這短短的三天,讓他等得如同坐在針氈上一樣難受。
好歹是四品知府,怎麽能在一個商人的麵前就這樣折了麵子?
就算是他陸寧在長寧縣是個有名的鄉紳,自己不好隨便下手,可是比起那掌控都察院的禦史中丞,一個地方商賈又算得了什麽。
前段時間,義父已經讓自己手下的禦史上奏彈劾陸寧了,隻不過一直以來都沒有什麽回音而已。
黃奇屏退從人,自己把門反鎖上,然後急不可耐的把信拆開。
本以為義父塗節要想整治一個商人是很容易的事情,沒想到看完信後卻被潑了一盆冷水。
原來塗節的信上說,陸寧在長寧縣已經做出了很大的成績,並且深受那裏的百姓愛戴,貿然下手影響不好。
用明麵上的手段幹不掉陸寧,就讓他憑空消失在這個世界就行,至於怎樣處理,讓黃奇自己看著辦。
看完這封信之後,黃奇也是心中無奈,於是找來了自己的狗頭軍師錢師爺商量。
“義父給我來了這樣一封信,到底是想讓我怎麽幹,難道就放任這個陸寧不成?我在他身上可是吃了大虧。”
錢師爺捋了自己的一下山羊胡子,笑著說道。
“府台大人,您難道還一點兒都看不出來嗎?中丞的意思非常清楚,就是讓您帶上幾個得力的兄弟扮成強盜,月黑風高之夜,把陸寧殺掉了事兒。”
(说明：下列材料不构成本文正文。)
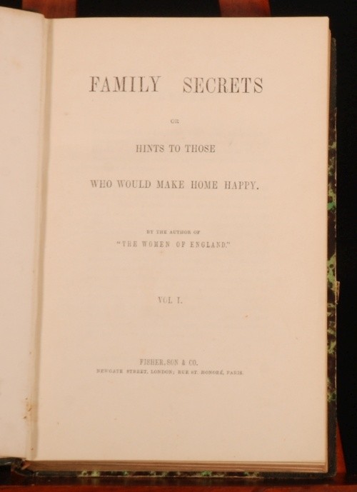 Click here to see our other books! Family Secrets, or, Hints to Those Who Would Make Home Happy Sarah Stickney Ellis c1843 Fisher, Son & Co : London 8.5" by 5.5" (3), 328; (2), 312; (2), 308pp SUMMARY Ellis' illustrated short stories on domesticity, complete in three volumes. Leather Binding Overall Condition: Very Good Indeed This book weighs 1.5 KG when packed UK Postage: £ 3.99 US Postage: £ 23.99 EU Postage : £ 18.99 European Postage: £ 19.99 Asia Postage: £ 31.99 Worldwide Postage: £ 32.99 DESCRIPTION Includes illustrated title pages in each volume, and a frontis in volumes I and II. With nine plates in both volumes I and II, and eight plates in volume III. Sarah Stickney Ellis (1799–1872) was a Quaker turned Congregationalist who was the author of numerous books, mostly written about women's role(s) in society. Particularly well-known are The Wives of England, The Women of England, The Mothers of England, and The Daughters of England, also her more directly educational works such as Rawdon House and Education of the Heart: Women's Best Work. CONDITION In half leather binding with gilt lettering and decoration, and marbled paper-covered boards. There is only slight wear to the extremities, with just slight bumping and rubbing. The front inner hinge of volume III is very slightly strained, but still good and firm. Internally, firmly bound. Pages are generally clean with slight browning to the page edges and scattered foxing to the plates. Overall Condition: Very Good Indeed GLOSSARY OF TERMS Overall Condition (Dustwrapper condition rating is shown after that for the book itself, where a dustwrapper is present) Fine - Very well preserved copy showing very little wear Very Good Indeed - Only one or two minor faults, really a very attractive copy Very Good - Quite a wide term meaning no major faults but probably several smaller ones often expected given the age of the book, but still a respectable copy Good - Meaning not very good. Some more serious faults as will be described in the condition report under 'condition' Good Only - Meaning one or more faults that could really do with repair Fair - As with good only above but with other faults leaving a compromised copy even after repair Poor - Really bad and possibly seriously incomplete. We only sell books in this condition where their rarity or value makes them attractive none the less. Major defects will be described. GUARANTEE We offer a full money back guarantee on our descriptions. Please ask for details and conditions. We prefer PAYPAL. If you pay via PAYPAL we will post the item off the same or the next working day with the postage you have selected. Please note we cannot accept USD cheques
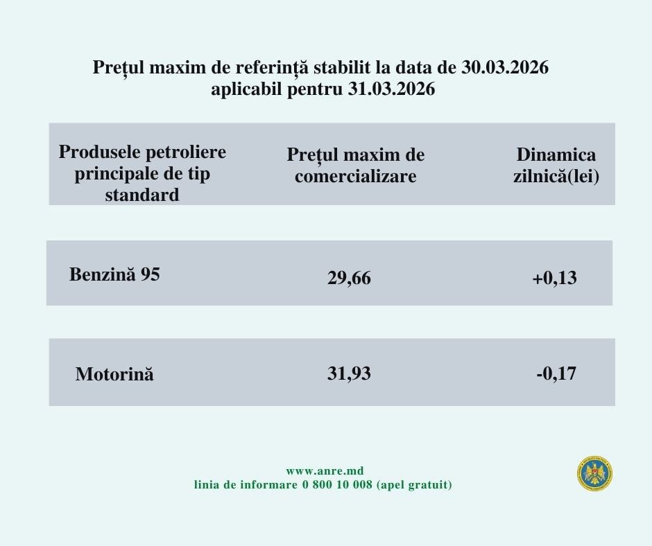 Astfel, benzina se scumpește cu 13 bani, ajungând la 29,66 lei/litru, în timp ce motorina se ieftinește cu 17 bani și va costa 31,93 lei/litru.
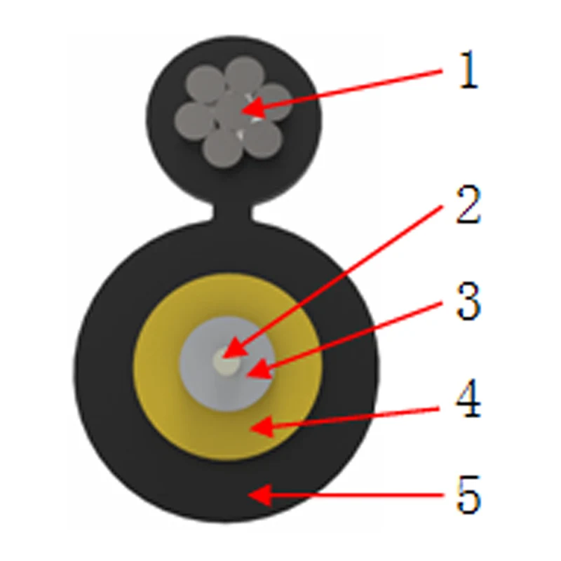 Kendi kendini destekleyen fiber optik yuvarlak damla kablo, yüksek mukavemetli aramid iplik ile kaplı sıkı tamponlu bir optik fiberden oluşur, dışa bir metal takviye elemanı tutturulur ve son olarak üzerinde bir kılıf malzemesi tabakası sıkılır.
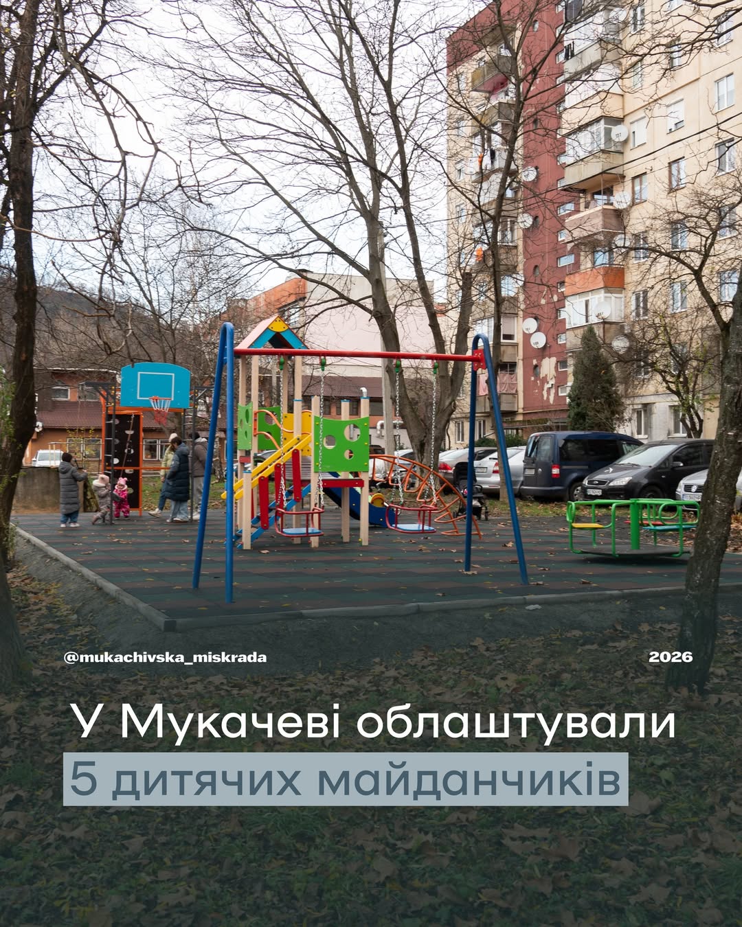 Упродовж 2025 року в Мукачеві облаштували п’ять нових дитячих ігрових майданчиків, аби створити комфортні умови для дозвілля наймолодших жителів міста. Ігрові зони оснащені сучасними елементами, виготовленими з якісних матеріалів, та відповідають чинним нормам безпеки.
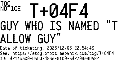 Orbit eTOG Listing Service: T+04F4 GUY WHO IS NAMED "TALLOW GUY"
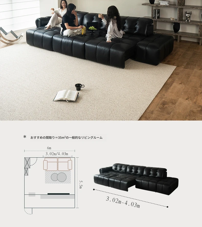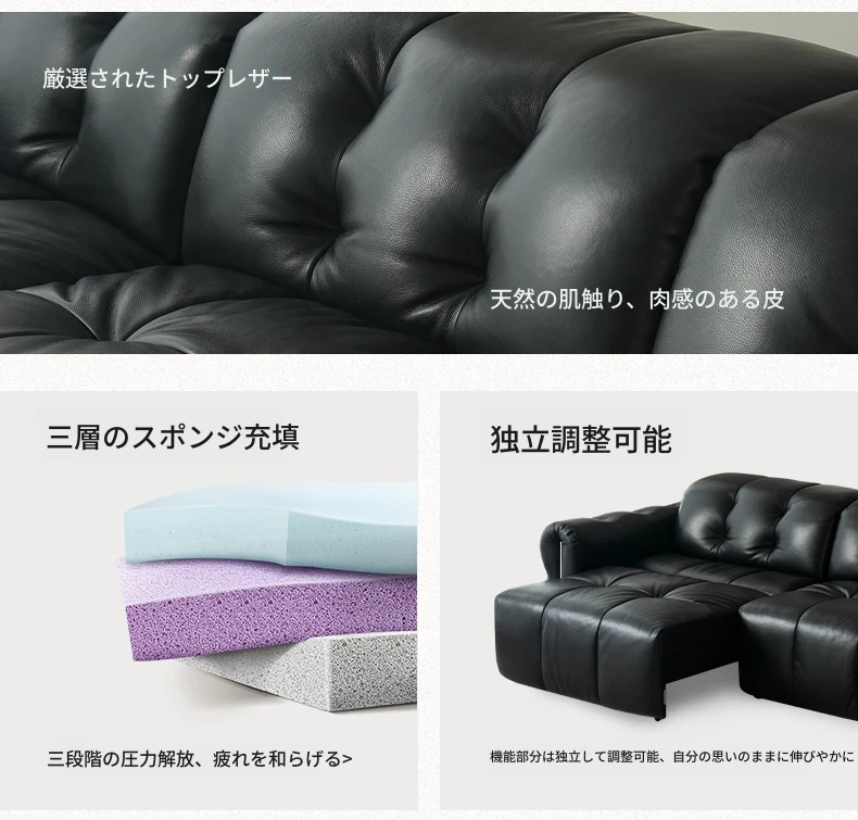 【S級肉感厚摔纹頭層牛皮】3.62メートル中三人掛け+三電動伸縮
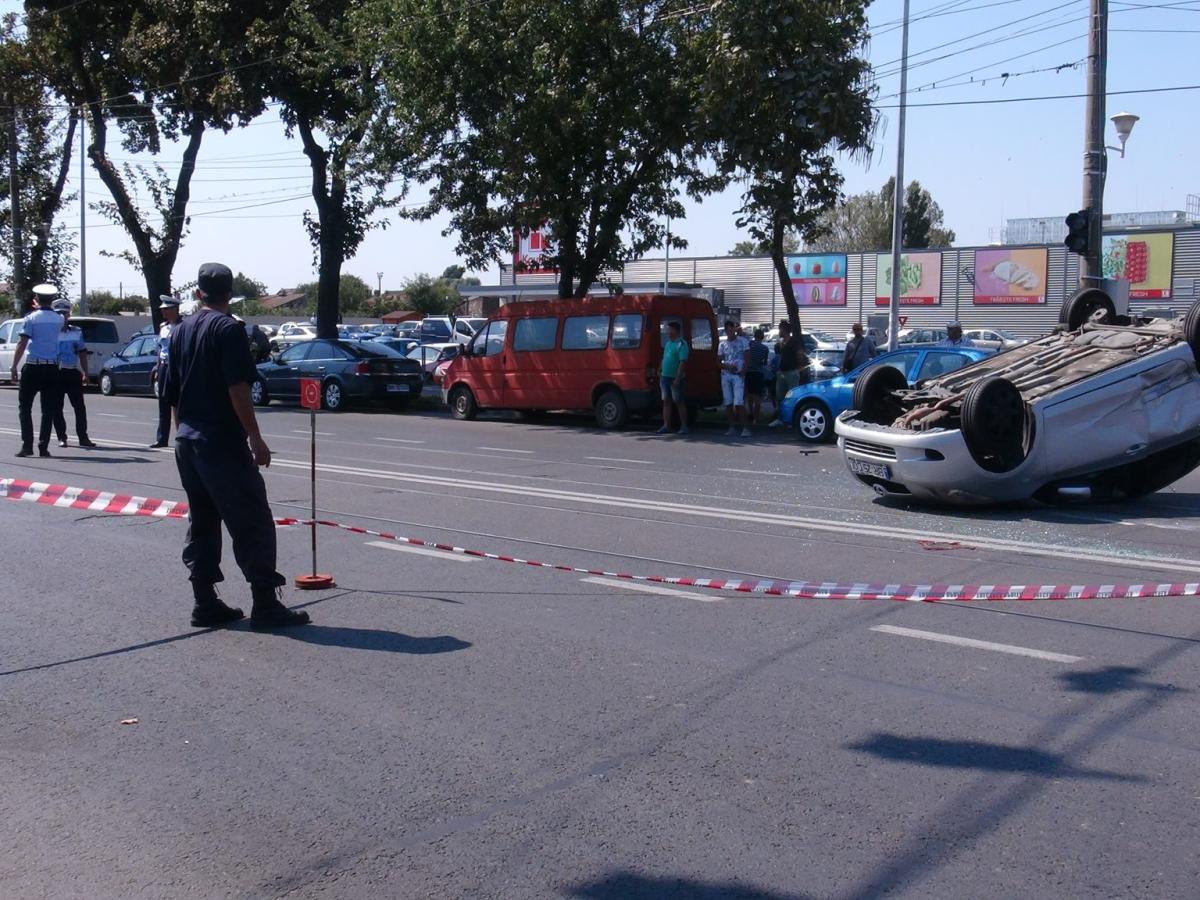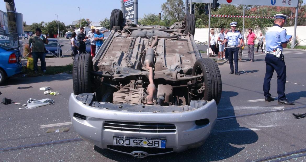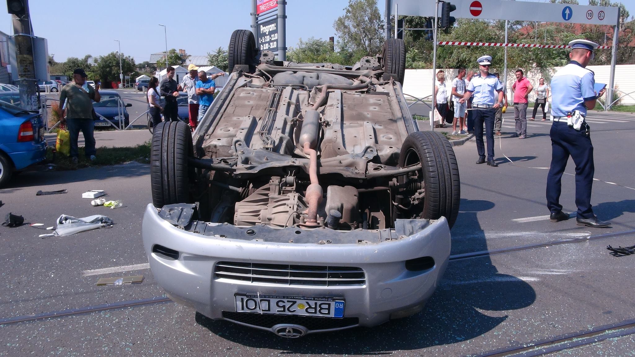 Ieri, conducătoarea auto, însărcinată în 8 luni, nu a acordat prioritate la ieşirea din parcarea Kaufland-ului de pe Dorobanţi şi s-a tamponat violent cu un autoturism “Toyota”. Acesta era condus regulamentar pe Dorobanţi, dinspre strada Gării spre str. 1 Decembrie, de o femeie de 51 de ani. În urma impactului, autoturismul “Toyota” a fost răsturnat. Cea aflată la volan, care purta centura de siguranţă, a scăpat doar cu o sperietură.

聽了這話,黃奇心中也算是有了一個定論,隻要是殺死陸寧嫁禍給強盜,就跟自己沒什麽關係。
作為地方最高長官,自己還可以裝模作樣的問起這個案子來,並且把它辦成懸案,果然奇妙非常。
想到這裏,他剛才的疑惑也全都解開了,內心不由得興奮起來。
“你馬上去把阿彪叫來,讓他帶上十個幹練的殺手,今天晚上就行動。”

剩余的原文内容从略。